Это был не просто страх, это было отчаяние. «Я – идиот», – сказал он себе, но это не помогло. Надо взять себя в руки, приказывал он себе, но в коленях ощущалась противная дрожь, дышалось с трудом, а лицо было мокрым, хотя вечер выдался прохладный и ветреный. Точно такие же муки он испытывал, когда пошел в школу. Он шел туда со страхом, весь дрожа, поскольку оказался слабым учеником и успел уже отведать розги. Он вспомнил, как молился тогда, чтобы избавиться от страха и не думать о том, что его ждет. Но теперь это не помогало.

Тайхман пытался следить за разговором друзей, обсуждавших спектакль, и неожиданно вспомнил одну фразу оттуда: «Из всех чудес всего необъяснимей мне кажется людское чувство страха»[5].
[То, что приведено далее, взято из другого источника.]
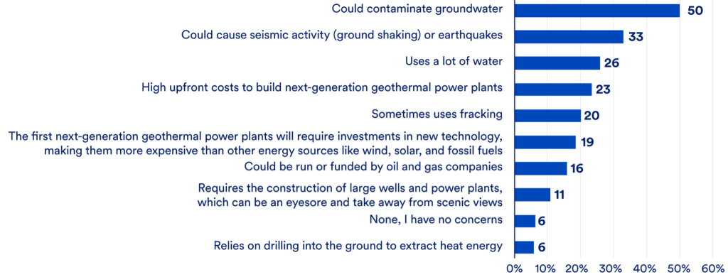 ThinkGeoEnergy’nin raporlamasında gözlemlendiği üzere, Avrupa’da özellikle gelişmiş jeotermal sistemlerle ilgili olarak tetiklenen sismisiteye ilişkin endişeler, jeotermal geliştirme konusundaki muhalefet ve soruların en önemli temalarını oluşturmaktadır. ABD’de ise CATF’nin araştırmasına göre yeraltı suyu kirliliği önemli bir endişe kaynağı olarak görülmektedir.
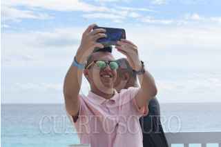 CANCÚN, QUINTANA ROO, 25NOVIEMBRE2021. - Turistas disfrutan de la vista en la playa delfines en este puente vacacional apesar del frente frío 8 que se encuentra sobre la Península de Yucatán. FOTO: ELIZABETH RUIZ / CUARTOSCURO.COM
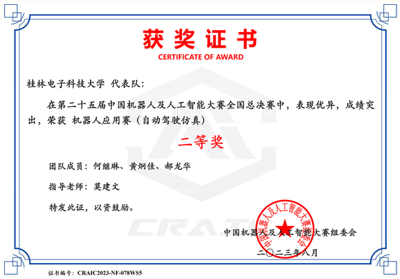 日前,三亿官方官网三亿(中国)_三亿(中国)信息与通信学院莫建文老师指导的学生团队(何继琳、黄炯佳、郝龙华组成)参加第二十五届中国机器人及人工智能大赛的机器人应用赛(自动驾驶仿真),获得全国总决赛二等奖。
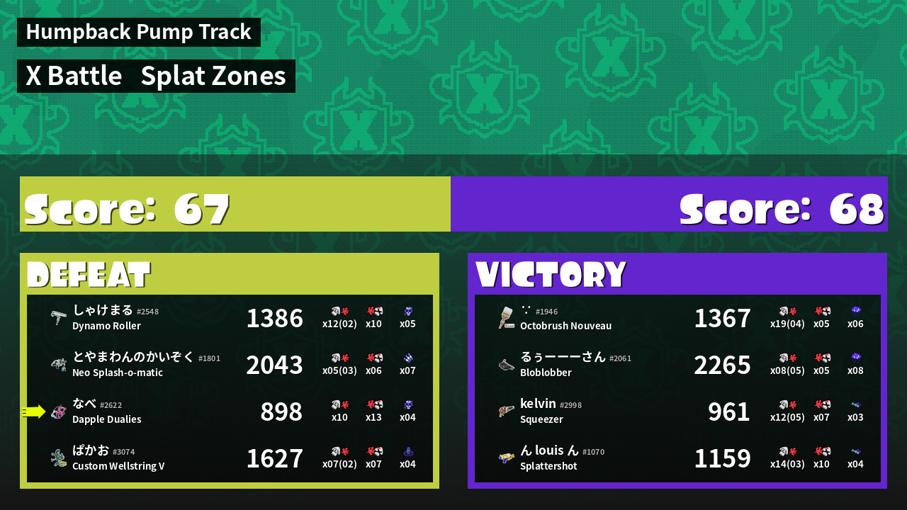 | Medals | #1 Splat Zone Guard #1 Enemy Splatter #1 Splat Zone Hero | ||
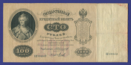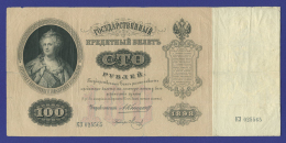 В нашем интернет-магазине BONUMAN вы можете купить банкноту Николая II выпущенную в 1898 году, номиналом 100 рублей. Краткая сводка характеристик банкноты: Период: Николай II Номинал: 100 рублей Год: 1898 Управляющий: С. И. Тимашев Кассир: Брут Качество: VF-
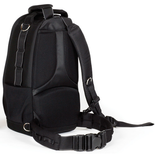 Este tipo de paquete convertible ofrece funciones duales y le ahorra la molestia de tener que comprar dos bolsas separadas. Las correas para los hombros de la mochila le permiten usar la correa de componentes modulares para el uso tradicional del hombro. Esta correa de hombro Curved Comfort tiene un buen nombre. Las correas de los hombros se pueden ocultar simplemente desconectando los anillos en D. Dentro del paquete, hay un anillo de espuma en la parte inferior que no solo se utiliza para amortiguar su plataforma, sino que también mantendrá la lente en su lugar. También hay un collar de espuma que asegura la parte posterior de la lente proporcionando aún más estabilidad interna. El paquete también es capaz de sostener un monopié en cualquiera de sus bolsillos laterales elásticos. Sin embargo, si prefiere llevar un trípode tradicional, se proporcionan correas laterales.
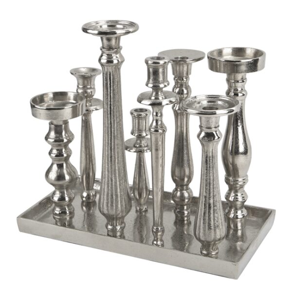 Aluminiowy świecznik ozdobny przeznaczony na 8 świec różnego typu.Świecznik pomieści 6 tradycyjnych świeczek typu stożek, a także dwie innego typu, np. w formie kuli lub walca.
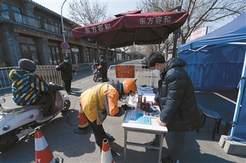“我們從大年三十就開始排班了。我是從正月初三開始進(jìn)社區(qū)做入戶排查,現(xiàn)在和另外兩名志愿者一起負(fù)責(zé)這個路口,從早上九點到晚上九點不間斷。”來自前門街道辦事處政務(wù)服務(wù)中心的周偉介紹說。
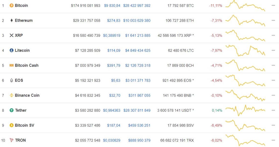 Теперь Bitcoin стоит менее $10 000 — $9 830 на момент написания новости. Вместе с ним дешевеют и другие криптовалюты, хотя и в меньшей степени. В Топ-10 CoinMarketCap только Tether демонстрирует положительную динамику, да и то всего на 0,14%.
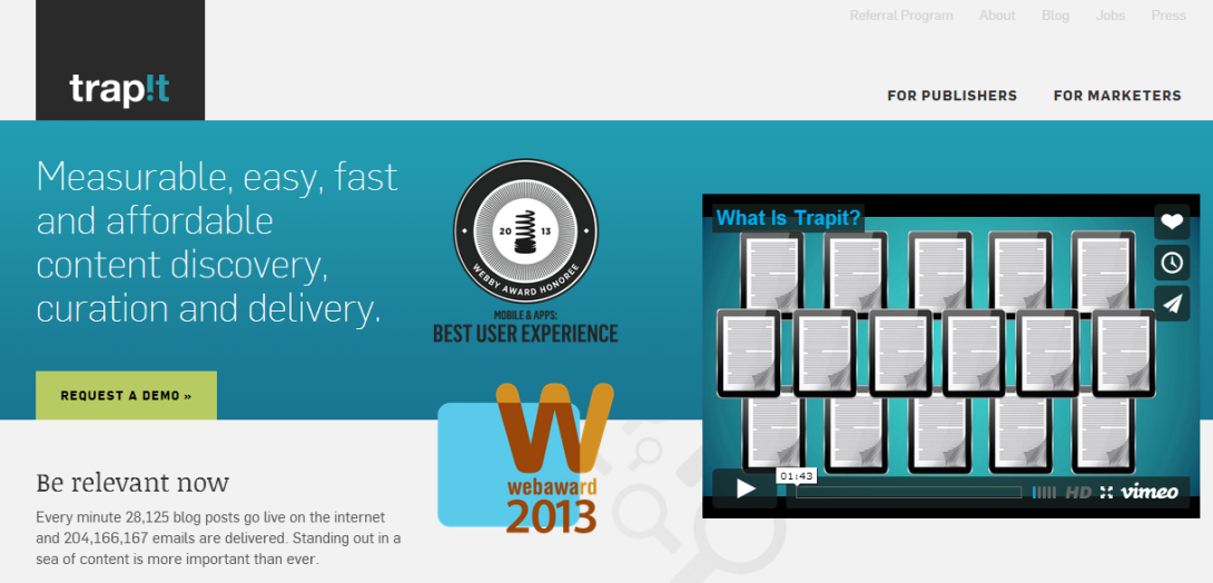 A powerful content discovery, curation and delivery platform, Trap.it has a uniquely built algorithm that provides fast and accurate content recommendations in order to create personalized experiences.

Он обрадовался, что вспомнил эти слова, и решил проверить, может ли произнести их по-английски. Да, он помнил, как они звучат по-английски, и начал произносить эту фразу попеременно – то на английском, то на немецком. Тайхман повторял ее про себя до тех пор, пока они не дошли до дома Вегенера. Тут уж и Шекспир не мог ему помочь – Тайхман почувствовал себя несчастным и нелепым. Он разозлился на Хейне за то, что тот позвонил Вегенеру, не посоветовавшись с ним. Но ему пришлось подавить свой гнев. Теперь одна надежда на Штолленберга, он гораздо тактичнее Хейне.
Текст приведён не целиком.